**DATA UNDER STUDY:**
○ ○ ○ ○ ○
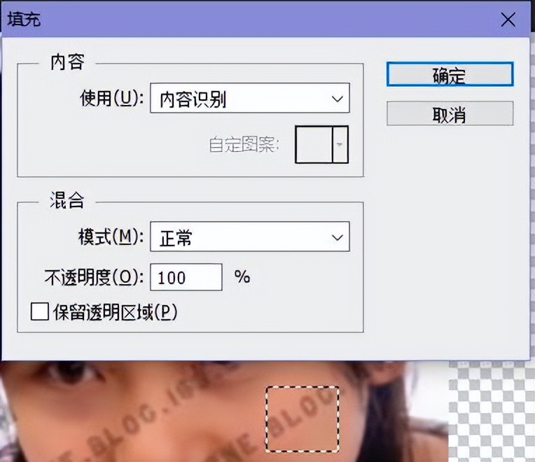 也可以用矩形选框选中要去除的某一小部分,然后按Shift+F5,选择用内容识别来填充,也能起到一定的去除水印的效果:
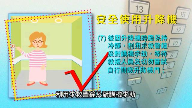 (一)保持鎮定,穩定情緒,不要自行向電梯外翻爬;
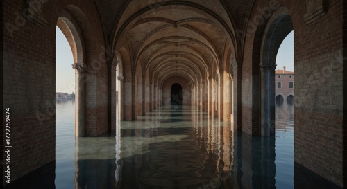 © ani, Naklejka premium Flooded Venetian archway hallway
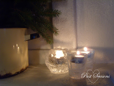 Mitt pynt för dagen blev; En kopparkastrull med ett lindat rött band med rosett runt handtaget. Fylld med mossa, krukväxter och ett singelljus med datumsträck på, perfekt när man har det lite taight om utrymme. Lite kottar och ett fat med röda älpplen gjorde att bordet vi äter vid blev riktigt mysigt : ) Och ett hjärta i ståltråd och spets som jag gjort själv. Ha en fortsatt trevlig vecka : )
○ ○ ○ ○ ○
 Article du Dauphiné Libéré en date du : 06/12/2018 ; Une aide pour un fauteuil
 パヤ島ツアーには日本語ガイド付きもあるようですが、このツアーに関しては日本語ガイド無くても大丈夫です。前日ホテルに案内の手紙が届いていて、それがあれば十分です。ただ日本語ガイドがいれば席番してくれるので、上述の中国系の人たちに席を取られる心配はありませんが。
○ ○ ○ ○ ○
**WHAT YOU SHOULD DO:** In the entries above, every line from the line with "Venetian archway hallway" to the line with "Mitt pynt för" is to be printed exactly, with both ends included and pictures excluded.

**RESPONSE FOR THIS EXERCISE:**
 © ani, Naklejka premium Flooded Venetian archway hallway
 Mitt pynt för dagen blev; En kopparkastrull med ett lindat rött band med rosett runt handtaget. Fylld med mossa, krukväxter och ett singelljus med datumsträck på, perfekt när man har det lite taight om utrymme. Lite kottar och ett fat med röda älpplen gjorde att bordet vi äter vid blev riktigt mysigt : ) Och ett hjärta i ståltråd och spets som jag gjort själv. Ha en fortsatt trevlig vecka : )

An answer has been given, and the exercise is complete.